**Exercise brief**
From top to bottom, write out the listing exactly and skip every picture.

**Provided information**
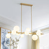 Travel through the realm of mid-century modern luxury and French extravagance with this 12-light sputnik island pendant chandelier. The brushed brass linear frame sets a stunning stage for an array of white glass spheres in various sizes. accented with clear crystal embellishments that evoke the ethereal beauty of bubbles. The glossy opal glass orbs bring high-end sophistication and a subtle shine. even when the lights are off. When illuminated. the lustre milky glass gently diffuses light from G9 bulbs (not included). casting a warm. inviting glow that creates a cozy. romantic ambiance. Ideal for open spaces. this opal glass globe linear chandelier creates an exquisite showstopper for enhancing dining rooms. kitchen islands. bars. counters. restaurants. studios. and more.
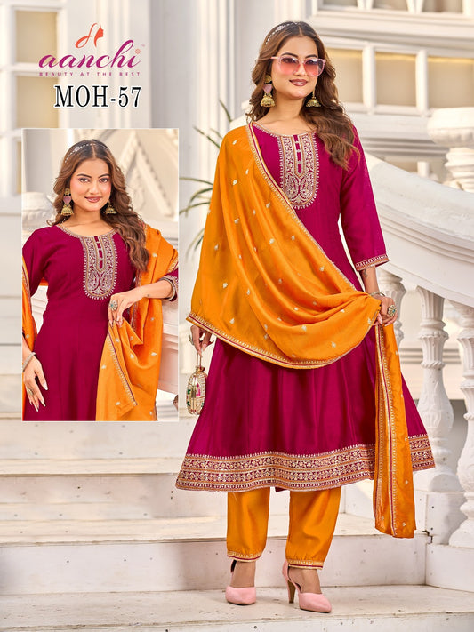 Moh 57 To 67 Aanchi Vichitra Silk Readymade Anarkali Suits Wholesaler
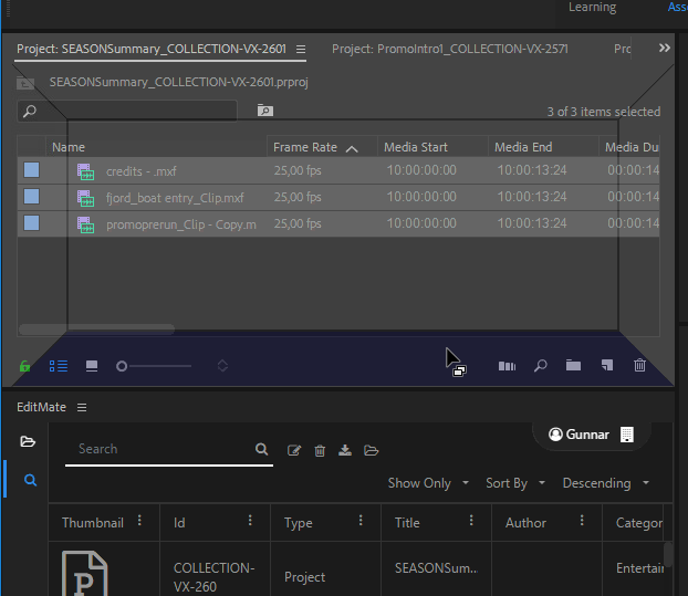 EditMate users also have the advantage of being able to dock and undock the panel into their Adobe Premiere workspace as if it were any other Adobe Premiere panel.
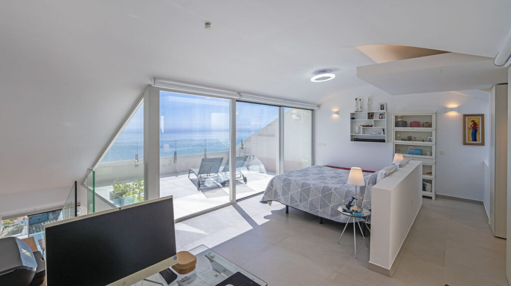 Built on 2 levels: on the entrance floor there are 2 cosy bedrooms, a complete bathroom, modern kitchen with SIEMENS appliances integrated in the living room and a magnificent terrace with barbecue area; and on the upper floor, to enjoy privacy and views we have the master bedroom, with dressing room and bathroom en suite, there is also the laundry room and a terrace-solarium with spectacular views.
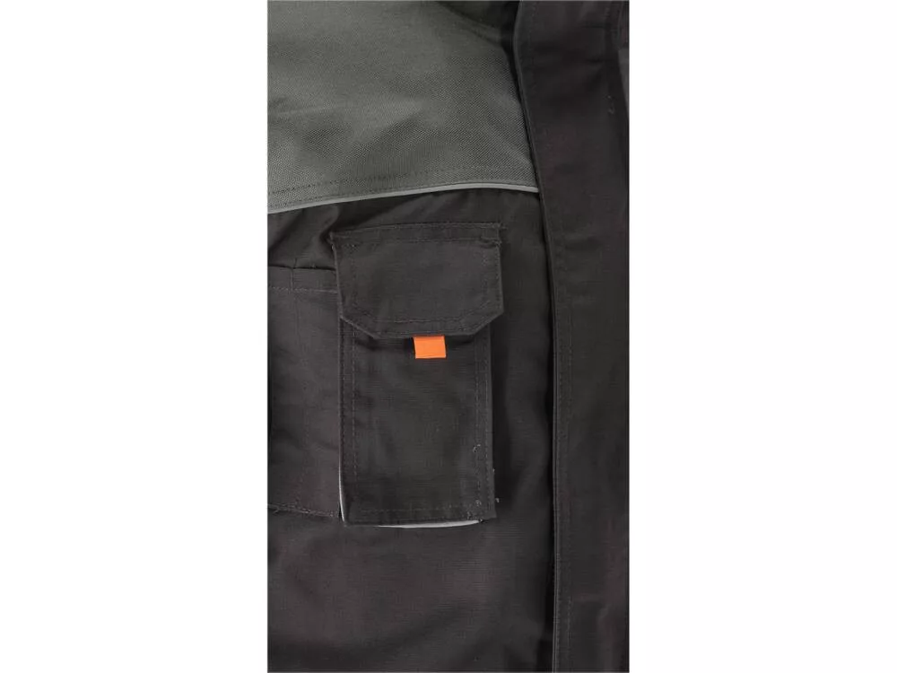 Munkavédelmi kabát nyolc zsebbel, szellőzővel a karok alatt és számos további, kopásálló anyagból készült díszítéssel a sérüléseknek leginkább kitett helyeken.
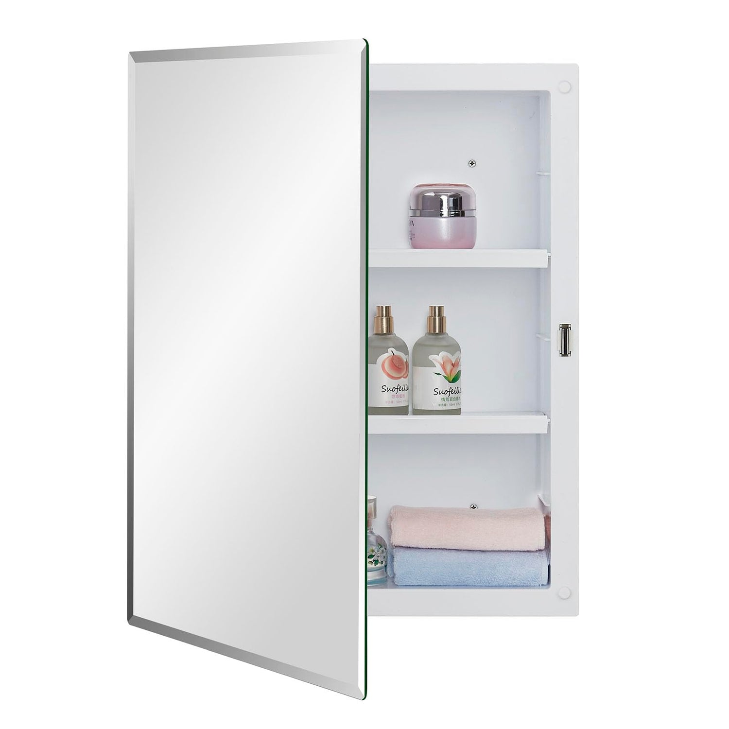 IDYLLOR Plastic Medicine Mirror Cabinet for Bathroom 16 x 20 inch, Surface and Recessed Mount
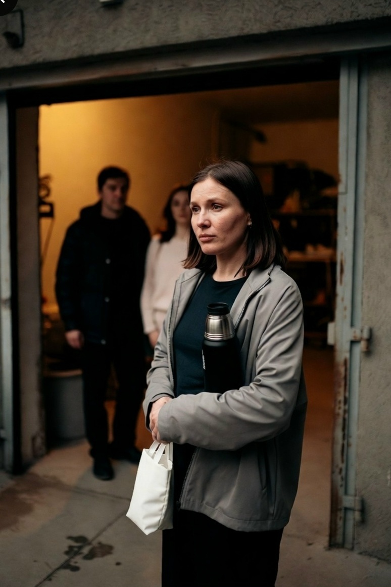В гараже было темно, только свет от переноски на верстаке и слабый дневной свет из маленького окошка под потолком. Сергей стоял спиной к ней, в синей куртке. А перед ним, почти вплотную — женщина. Не просто женщина. Очень ухоженная женщина. Лет тридцати пяти примерно. Светлые волосы до плеч, идеальная укладка, даже в гараже. Белая блузка, узкие джинсы, дорогие кроссовки. На безымянном пальце — тонкое кольцо. Не обручальное. Другое.
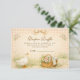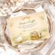 A charming storybook-style baby shower design featuring a sweet watercolor goose standing beside a nest filled with pastel eggs. Delicate spring flowers and soft greenery create a gentle countryside scene, while a blush bow and sage gingham background add a cozy cottagecore touch. The vintage illustration style and soft pastel palette give this design a whimsical nursery feel, perfect for a playful and heartwarming baby celebration.
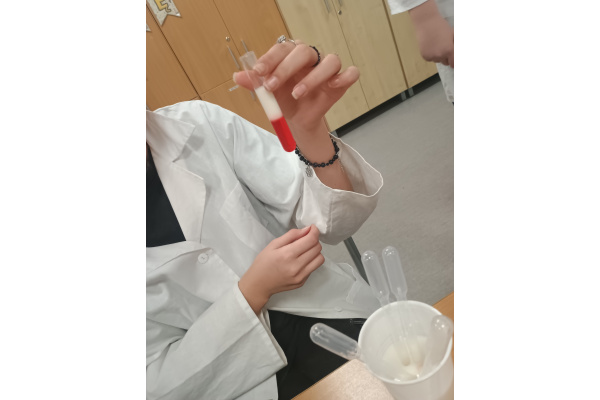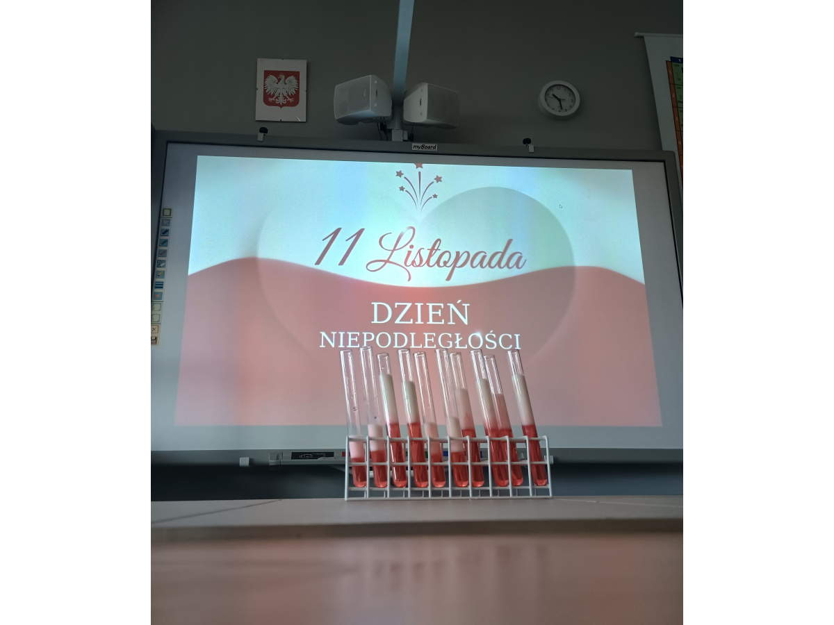 Dnia 12 listopada uczniowie kl. 7s, podczas lekcji chemii połączyli naukę z patriotyzmem, wykonując doświadczenie pt. „Flaga Polski w probówce”. Dla uczczenia Dnia Niepodległości czerwień
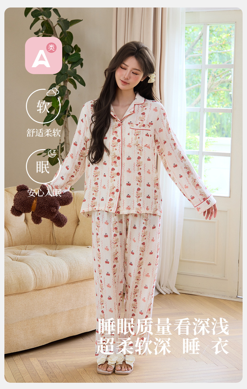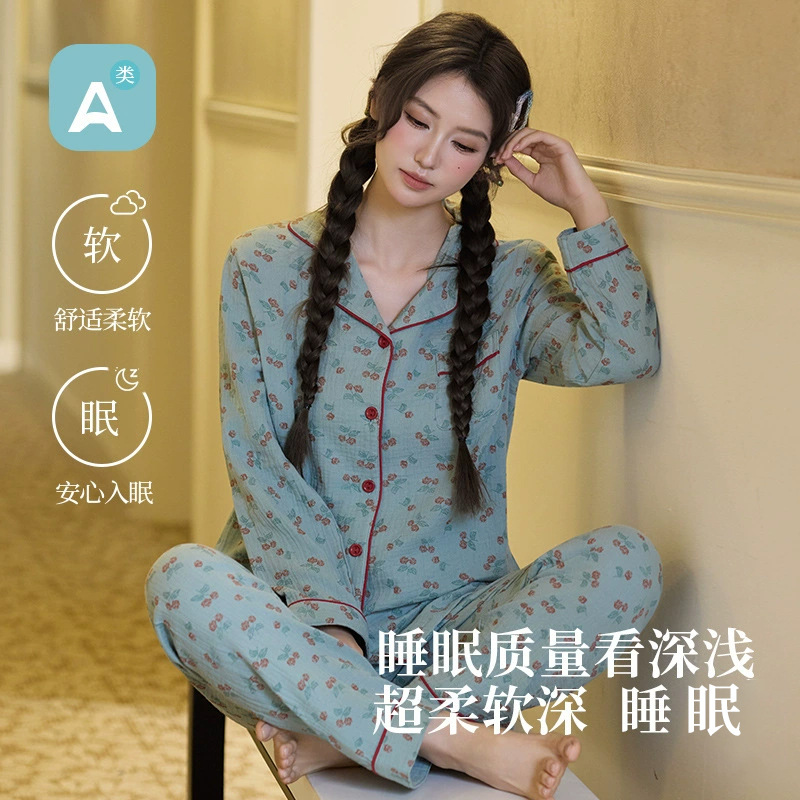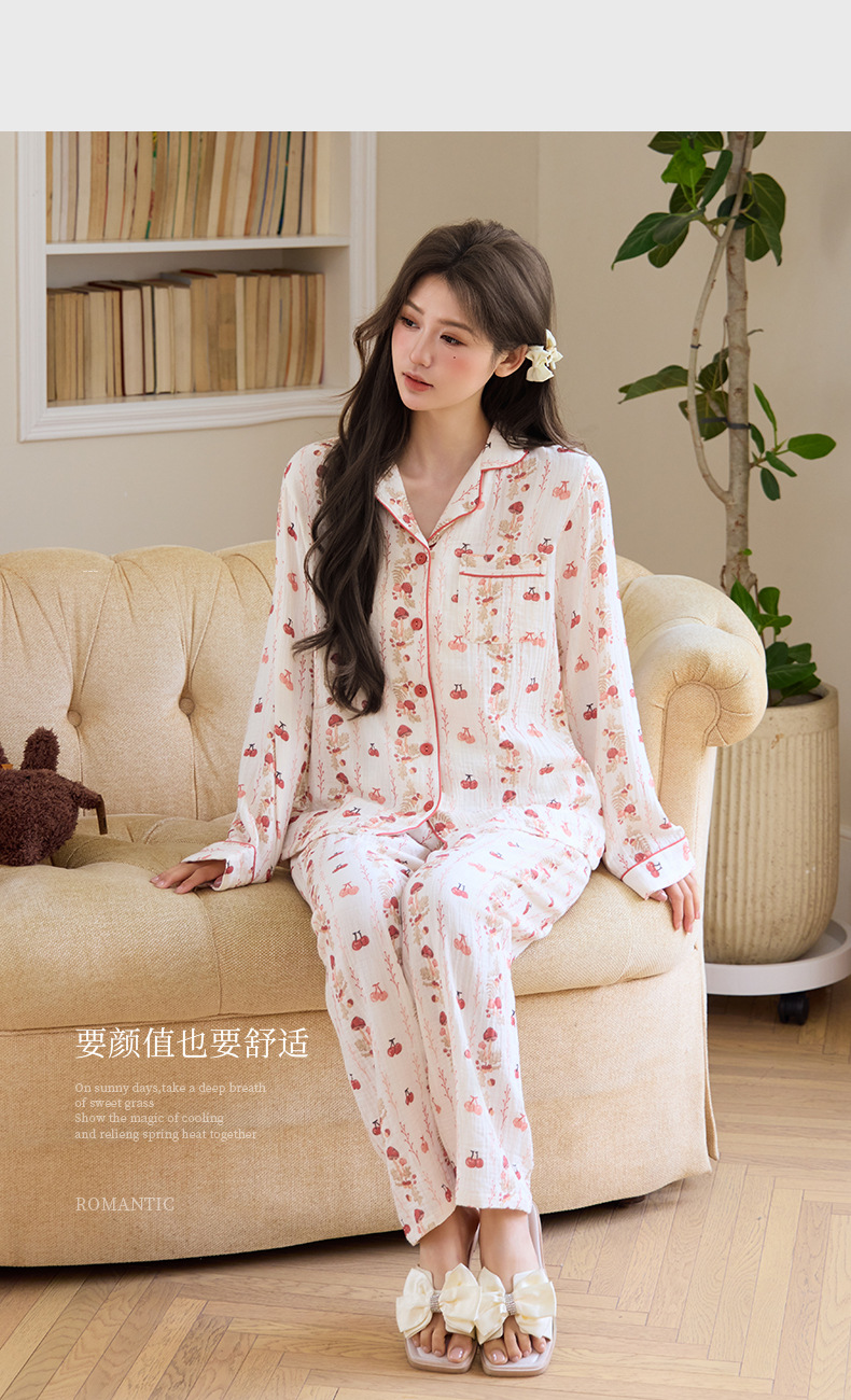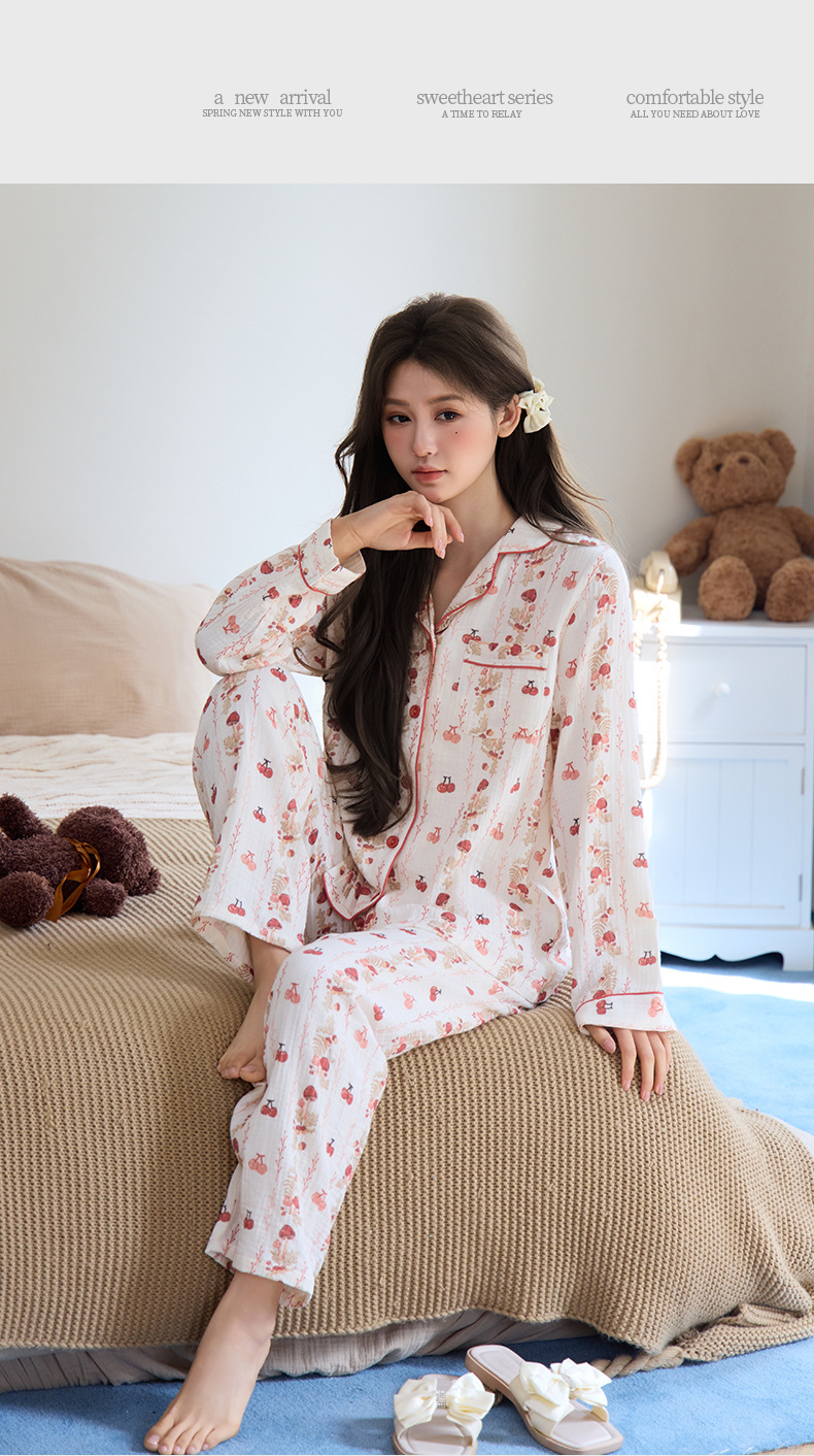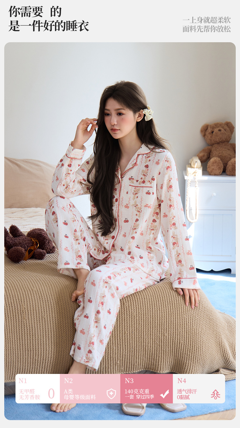 純綿二重ガーゼパジャマレディース新型森系さくらんぼ春秋長袖綿100% ゆったりホームウェアセット

**Written response**
 Travel through the realm of mid-century modern luxury and French extravagance with this 12-light sputnik island pendant chandelier. The brushed brass linear frame sets a stunning stage for an array of white glass spheres in various sizes. accented with clear crystal embellishments that evoke the ethereal beauty of bubbles. The glossy opal glass orbs bring high-end sophistication and a subtle shine. even when the lights are off. When illuminated. the lustre milky glass gently diffuses light from G9 bulbs (not included). casting a warm. inviting glow that creates a cozy. romantic ambiance. Ideal for open spaces. this opal glass globe linear chandelier creates an exquisite showstopper for enhancing dining rooms. kitchen islands. bars. counters. restaurants. studios. and more.
 Moh 57 To 67 Aanchi Vichitra Silk Readymade Anarkali Suits Wholesaler
 EditMate users also have the advantage of being able to dock and undock the panel into their Adobe Premiere workspace as if it were any other Adobe Premiere panel.
 Built on 2 levels: on the entrance floor there are 2 cosy bedrooms, a complete bathroom, modern kitchen with SIEMENS appliances integrated in the living room and a magnificent terrace with barbecue area; and on the upper floor, to enjoy privacy and views we have the master bedroom, with dressing room and bathroom en suite, there is also the laundry room and a terrace-solarium with spectacular views.
 Munkavédelmi kabát nyolc zsebbel, szellőzővel a karok alatt és számos további, kopásálló anyagból készült díszítéssel a sérüléseknek leginkább kitett helyeken.
 IDYLLOR Plastic Medicine Mirror Cabinet for Bathroom 16 x 20 inch, Surface and Recessed Mount
В гараже было темно, только свет от переноски на верстаке и слабый дневной свет из маленького окошка под потолком. Сергей стоял спиной к ней, в синей куртке. А перед ним, почти вплотную — женщина. Не просто женщина. Очень ухоженная женщина. Лет тридцати пяти примерно. Светлые волосы до плеч, идеальная укладка, даже в гараже. Белая блузка, узкие джинсы, дорогие кроссовки. На безымянном пальце — тонкое кольцо. Не обручальное. Другое.
 A charming storybook-style baby shower design featuring a sweet watercolor goose standing beside a nest filled with pastel eggs. Delicate spring flowers and soft greenery create a gentle countryside scene, while a blush bow and sage gingham background add a cozy cottagecore touch. The vintage illustration style and soft pastel palette give this design a whimsical nursery feel, perfect for a playful and heartwarming baby celebration.
 Dnia 12 listopada uczniowie kl. 7s, podczas lekcji chemii połączyli naukę z patriotyzmem, wykonując doświadczenie pt. „Flaga Polski w probówce”. Dla uczczenia Dnia Niepodległości czerwień
 純綿二重ガーゼパジャマレディース新型森系さくらんぼ春秋長袖綿100% ゆったりホームウェアセット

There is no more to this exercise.